■ GIVEN RECORDS:
_____
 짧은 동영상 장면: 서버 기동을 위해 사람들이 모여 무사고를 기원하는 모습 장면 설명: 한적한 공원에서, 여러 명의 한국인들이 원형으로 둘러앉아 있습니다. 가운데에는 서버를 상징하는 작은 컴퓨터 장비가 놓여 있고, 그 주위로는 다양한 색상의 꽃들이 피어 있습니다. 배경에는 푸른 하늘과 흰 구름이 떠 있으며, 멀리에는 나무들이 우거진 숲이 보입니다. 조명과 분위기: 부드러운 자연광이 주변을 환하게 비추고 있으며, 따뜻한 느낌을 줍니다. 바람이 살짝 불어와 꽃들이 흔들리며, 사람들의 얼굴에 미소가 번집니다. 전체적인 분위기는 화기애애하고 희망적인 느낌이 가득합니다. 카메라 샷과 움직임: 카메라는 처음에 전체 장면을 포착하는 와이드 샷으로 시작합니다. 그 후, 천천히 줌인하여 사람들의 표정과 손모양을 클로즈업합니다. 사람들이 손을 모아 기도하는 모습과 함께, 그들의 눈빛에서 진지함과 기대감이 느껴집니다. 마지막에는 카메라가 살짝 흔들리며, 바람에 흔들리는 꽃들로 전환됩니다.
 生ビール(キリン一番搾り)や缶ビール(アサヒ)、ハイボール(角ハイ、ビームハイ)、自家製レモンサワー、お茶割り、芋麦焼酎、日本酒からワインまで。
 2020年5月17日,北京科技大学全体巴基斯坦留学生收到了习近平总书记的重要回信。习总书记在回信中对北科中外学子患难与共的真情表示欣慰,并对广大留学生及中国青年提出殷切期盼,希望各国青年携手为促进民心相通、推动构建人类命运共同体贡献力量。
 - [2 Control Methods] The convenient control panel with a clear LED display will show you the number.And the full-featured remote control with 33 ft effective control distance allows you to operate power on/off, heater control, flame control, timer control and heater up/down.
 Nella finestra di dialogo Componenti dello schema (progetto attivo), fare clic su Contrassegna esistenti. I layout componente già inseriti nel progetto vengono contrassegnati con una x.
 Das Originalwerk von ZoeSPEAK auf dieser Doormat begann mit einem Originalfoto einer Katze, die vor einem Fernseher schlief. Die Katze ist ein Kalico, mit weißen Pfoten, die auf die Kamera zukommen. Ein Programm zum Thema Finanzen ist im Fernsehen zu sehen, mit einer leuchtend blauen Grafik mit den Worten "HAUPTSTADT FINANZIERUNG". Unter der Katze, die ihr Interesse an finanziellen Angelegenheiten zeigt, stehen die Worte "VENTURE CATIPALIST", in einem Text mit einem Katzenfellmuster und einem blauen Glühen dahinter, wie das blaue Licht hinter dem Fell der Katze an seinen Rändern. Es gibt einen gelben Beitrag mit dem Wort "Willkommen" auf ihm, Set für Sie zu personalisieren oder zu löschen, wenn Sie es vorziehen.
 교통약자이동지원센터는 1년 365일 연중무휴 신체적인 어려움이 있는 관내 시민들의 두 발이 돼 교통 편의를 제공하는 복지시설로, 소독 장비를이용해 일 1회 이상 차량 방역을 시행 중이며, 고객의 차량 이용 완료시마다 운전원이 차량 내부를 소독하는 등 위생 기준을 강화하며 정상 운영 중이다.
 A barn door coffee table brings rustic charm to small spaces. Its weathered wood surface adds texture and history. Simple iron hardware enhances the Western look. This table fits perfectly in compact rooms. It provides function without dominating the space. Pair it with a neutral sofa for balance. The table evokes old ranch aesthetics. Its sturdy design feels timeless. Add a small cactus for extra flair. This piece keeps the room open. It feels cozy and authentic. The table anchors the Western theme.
_____
■ WHAT IS BEING ASKED:
Retype the records in full, keeping every word as it is.

■ ANSWER AREA:
 짧은 동영상 장면: 서버 기동을 위해 사람들이 모여 무사고를 기원하는 모습 장면 설명: 한적한 공원에서, 여러 명의 한국인들이 원형으로 둘러앉아 있습니다. 가운데에는 서버를 상징하는 작은 컴퓨터 장비가 놓여 있고, 그 주위로는 다양한 색상의 꽃들이 피어 있습니다. 배경에는 푸른 하늘과 흰 구름이 떠 있으며, 멀리에는 나무들이 우거진 숲이 보입니다. 조명과 분위기: 부드러운 자연광이 주변을 환하게 비추고 있으며, 따뜻한 느낌을 줍니다. 바람이 살짝 불어와 꽃들이 흔들리며, 사람들의 얼굴에 미소가 번집니다. 전체적인 분위기는 화기애애하고 희망적인 느낌이 가득합니다. 카메라 샷과 움직임: 카메라는 처음에 전체 장면을 포착하는 와이드 샷으로 시작합니다. 그 후, 천천히 줌인하여 사람들의 표정과 손모양을 클로즈업합니다. 사람들이 손을 모아 기도하는 모습과 함께, 그들의 눈빛에서 진지함과 기대감이 느껴집니다. 마지막에는 카메라가 살짝 흔들리며, 바람에 흔들리는 꽃들로 전환됩니다.
 生ビール(キリン一番搾り)や缶ビール(アサヒ)、ハイボール(角ハイ、ビームハイ)、自家製レモンサワー、お茶割り、芋麦焼酎、日本酒からワインまで。
 2020年5月17日,北京科技大学全体巴基斯坦留学生收到了习近平总书记的重要回信。习总书记在回信中对北科中外学子患难与共的真情表示欣慰,并对广大留学生及中国青年提出殷切期盼,希望各国青年携手为促进民心相通、推动构建人类命运共同体贡献力量。
 - [2 Control Methods] The convenient control panel with a clear LED display will show you the number.And the full-featured remote control with 33 ft effective control distance allows you to operate power on/off, heater control, flame control, timer control and heater up/down.
 Nella finestra di dialogo Componenti dello schema (progetto attivo), fare clic su Contrassegna esistenti. I layout componente già inseriti nel progetto vengono contrassegnati con una x.
 Das Originalwerk von ZoeSPEAK auf dieser Doormat begann mit einem Originalfoto einer Katze, die vor einem Fernseher schlief. Die Katze ist ein Kalico, mit weißen Pfoten, die auf die Kamera zukommen. Ein Programm zum Thema Finanzen ist im Fernsehen zu sehen, mit einer leuchtend blauen Grafik mit den Worten "HAUPTSTADT FINANZIERUNG". Unter der Katze, die ihr Interesse an finanziellen Angelegenheiten zeigt, stehen die Worte "VENTURE CATIPALIST", in einem Text mit einem Katzenfellmuster und einem blauen Glühen dahinter, wie das blaue Licht hinter dem Fell der Katze an seinen Rändern. Es gibt einen gelben Beitrag mit dem Wort "Willkommen" auf ihm, Set für Sie zu personalisieren oder zu löschen, wenn Sie es vorziehen.
 교통약자이동지원센터는 1년 365일 연중무휴 신체적인 어려움이 있는 관내 시민들의 두 발이 돼 교통 편의를 제공하는 복지시설로, 소독 장비를이용해 일 1회 이상 차량 방역을 시행 중이며, 고객의 차량 이용 완료시마다 운전원이 차량 내부를 소독하는 등 위생 기준을 강화하며 정상 운영 중이다.
 A barn door coffee table brings rustic charm to small spaces. Its weathered wood surface adds texture and history. Simple iron hardware enhances the Western look. This table fits perfectly in compact rooms. It provides function without dominating the space. Pair it with a neutral sofa for balance. The table evokes old ranch aesthetics. Its sturdy design feels timeless. Add a small cactus for extra flair. This piece keeps the room open. It feels cozy and authentic. The table anchors the Western theme.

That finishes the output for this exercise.